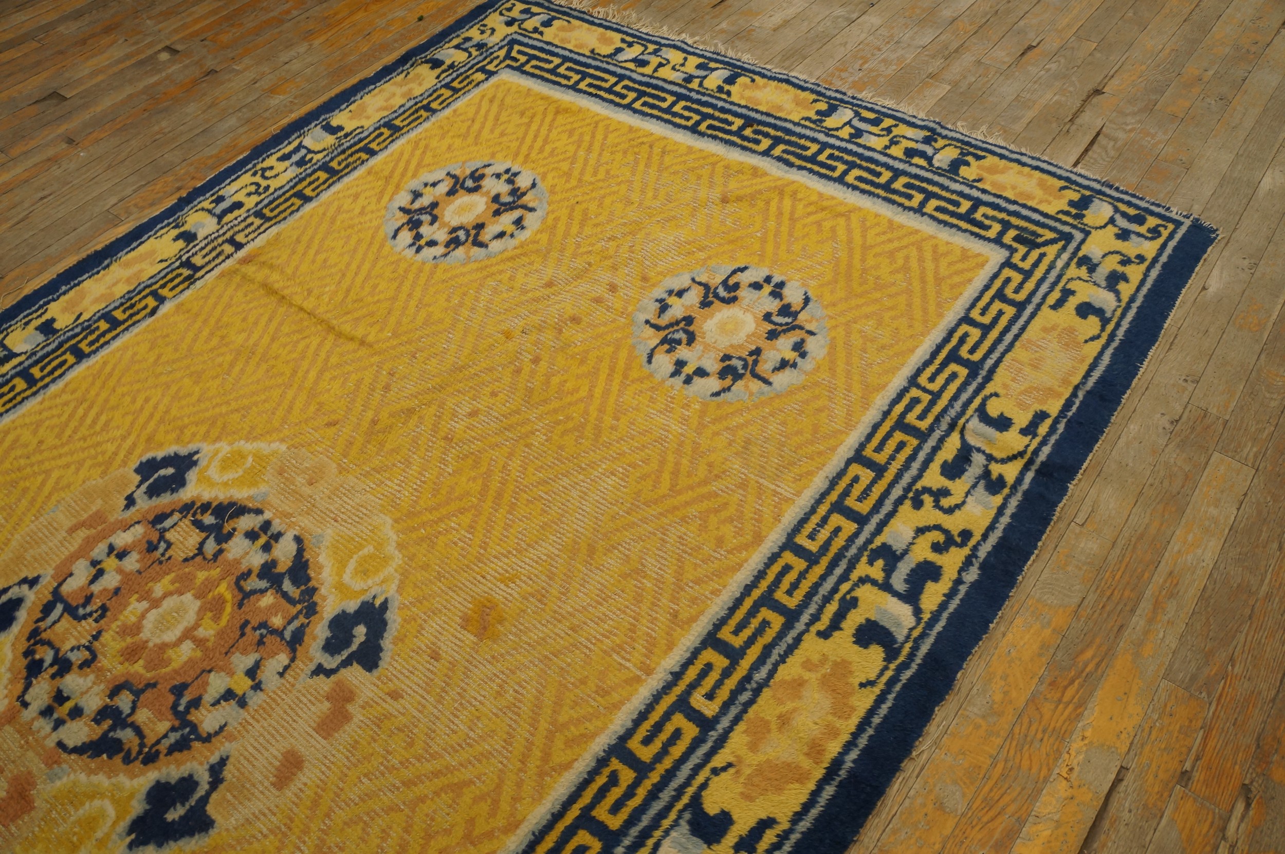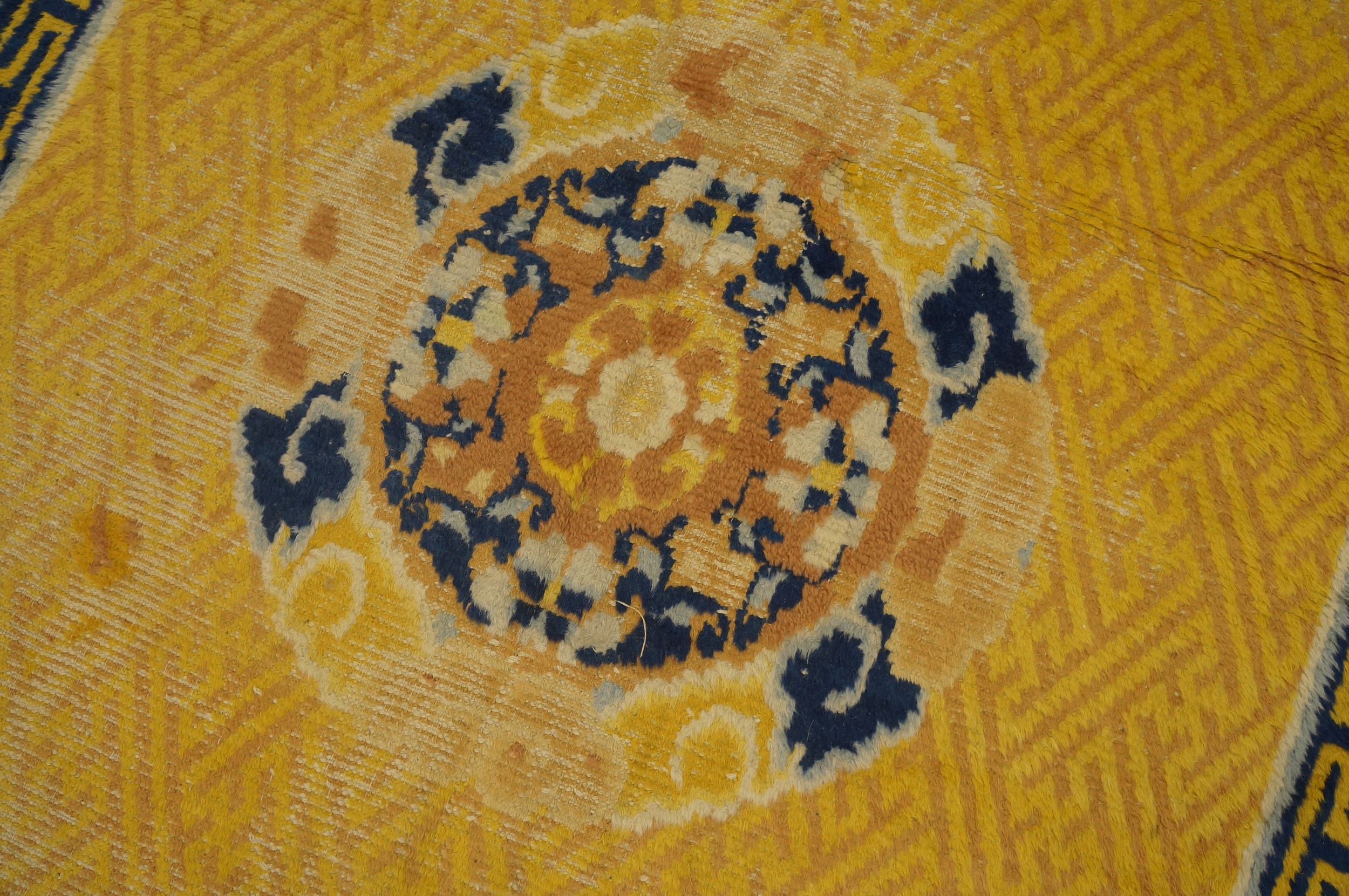 The five circular medallions feature complex, layered designs executed primarily in deep indigo and soft tan, offering a powerful visual counterpoint to the golden ground. The primary border utilizes the classic Greek Key motif, rendered in crisp navy blue, which frames the central design with architectural precision, balanced by an outer guard band of stylized scrolling vines.
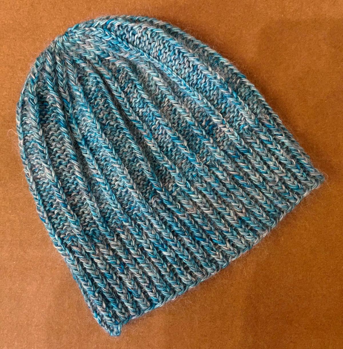 , by Espace Tricot, is an easy hat pattern featuring a twisted rib stitch pattern. This simple stitch creates an interesting texture while allowing beautiful yarns to take center stage. The original pattern is knit with two strands of fingering weight yarn and one strand of a lace weight mohair blend - all held together. However it is possible to eliminate the mohair. Also, knitters will find additional instructions for a “faded” version.
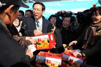 2009年1月14日,浙江衢州市委書記孫建國在杭州幫助橘農(nóng)推銷柑橘。為了幫助衢州橘農(nóng)順利度過“銷售寒冬”,浙江省農(nóng)業(yè)廳和衢州市政府在杭州的浙江農(nóng)展館廣場(chǎng)舉辦衢州柑橘杭州專場(chǎng)促銷會(huì),衢州市委書記孫建國帶領(lǐng)百名橘農(nóng)到現(xiàn)場(chǎng)叫賣柑橘。
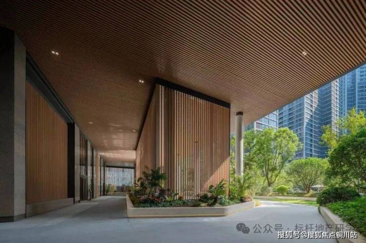 园区入口9米挑高的风雨连廊紧密衔接,无断点覆盖园区内景观,风雨无阻的回家路。悄然徘徊于连廊,将自然引入廊架空间,围炉夜话聆听夜晚的低语,与故事中的人物相遇,在岁月流转中感受诗意相伴。
------------------------------
Word for word, quote the lines above. Omit the pictures.

 The five circular medallions feature complex, layered designs executed primarily in deep indigo and soft tan, offering a powerful visual counterpoint to the golden ground. The primary border utilizes the classic Greek Key motif, rendered in crisp navy blue, which frames the central design with architectural precision, balanced by an outer guard band of stylized scrolling vines.
 , by Espace Tricot, is an easy hat pattern featuring a twisted rib stitch pattern. This simple stitch creates an interesting texture while allowing beautiful yarns to take center stage. The original pattern is knit with two strands of fingering weight yarn and one strand of a lace weight mohair blend - all held together. However it is possible to eliminate the mohair. Also, knitters will find additional instructions for a “faded” version.
 2009年1月14日,浙江衢州市委書記孫建國在杭州幫助橘農(nóng)推銷柑橘。為了幫助衢州橘農(nóng)順利度過“銷售寒冬”,浙江省農(nóng)業(yè)廳和衢州市政府在杭州的浙江農(nóng)展館廣場(chǎng)舉辦衢州柑橘杭州專場(chǎng)促銷會(huì),衢州市委書記孫建國帶領(lǐng)百名橘農(nóng)到現(xiàn)場(chǎng)叫賣柑橘。
 园区入口9米挑高的风雨连廊紧密衔接,无断点覆盖园区内景观,风雨无阻的回家路。悄然徘徊于连廊,将自然引入廊架空间,围炉夜话聆听夜晚的低语,与故事中的人物相遇,在岁月流转中感受诗意相伴。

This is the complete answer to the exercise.